The Companies Act, 1956
10. JURISDICTION OF COURTS.
(1) The Court having jurisdiction under this Act shall be –
(a) the High Court having jurisdiction in relation to the place at which the registered office of the company concerned is situate, except to the extent to which jurisdiction has been conferred on any District Court or District Courts subordinate to the High Court in pursuance of sub-section (2); and
(b) where jurisdiction has been so conferred, the District Court in regard to matters falling within the scope of the jurisdiction conferred, in respect of companies having their registered offices in the district.

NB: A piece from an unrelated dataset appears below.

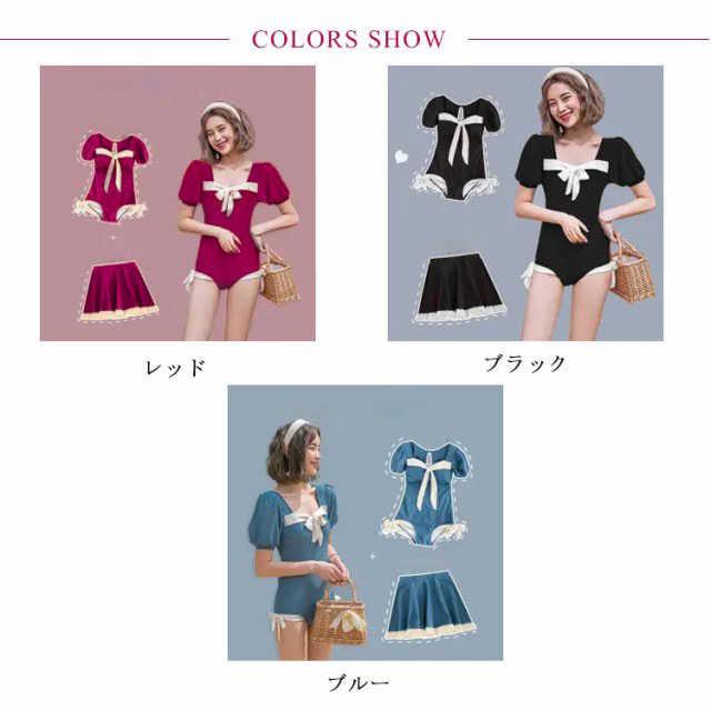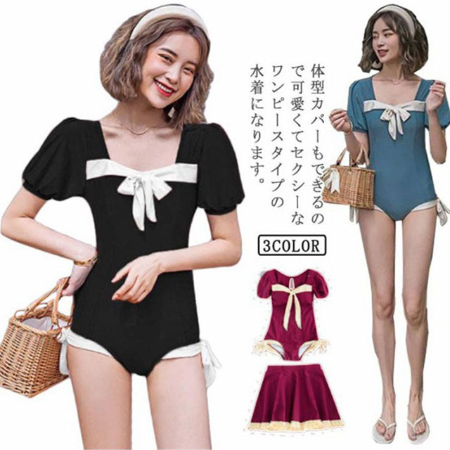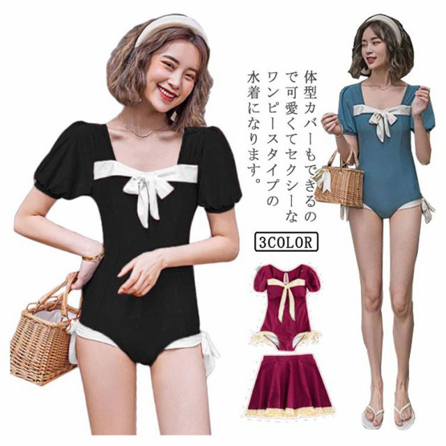 水着 レディース 2点セット オールインワン スカート 体型カバー 夏 水陸両用 フリル フレアスカート 温泉 海水浴 水泳 プール ビーチ 海 リゾート ガーリー 少女 リボン セクシー かわいい

(2) The Central Government may, by notification in the Official Gazette and subject to such restrictions, limitations and conditions as it thinks fit, empower any District Court to exercise all or any of the jurisdiction conferred by this Act upon the Court, not being the jurisdiction conferred –
(a) in respect of companies generally, by sections 237, 391, 394, 395 and 397 to 407, both inclusive;
(b) in respect of companies with a paid-up share capital of not less than one lakh of rupees, by Part VII (sections 425 to 560) and the other provisions of this Act relating to the winding up of companies.
(3) For the purposes of jurisdiction to wind up companies, the expression “registered office” means the place which has longest been the registered office of the company during the six months immediately preceding the presentation of the petition for winding up.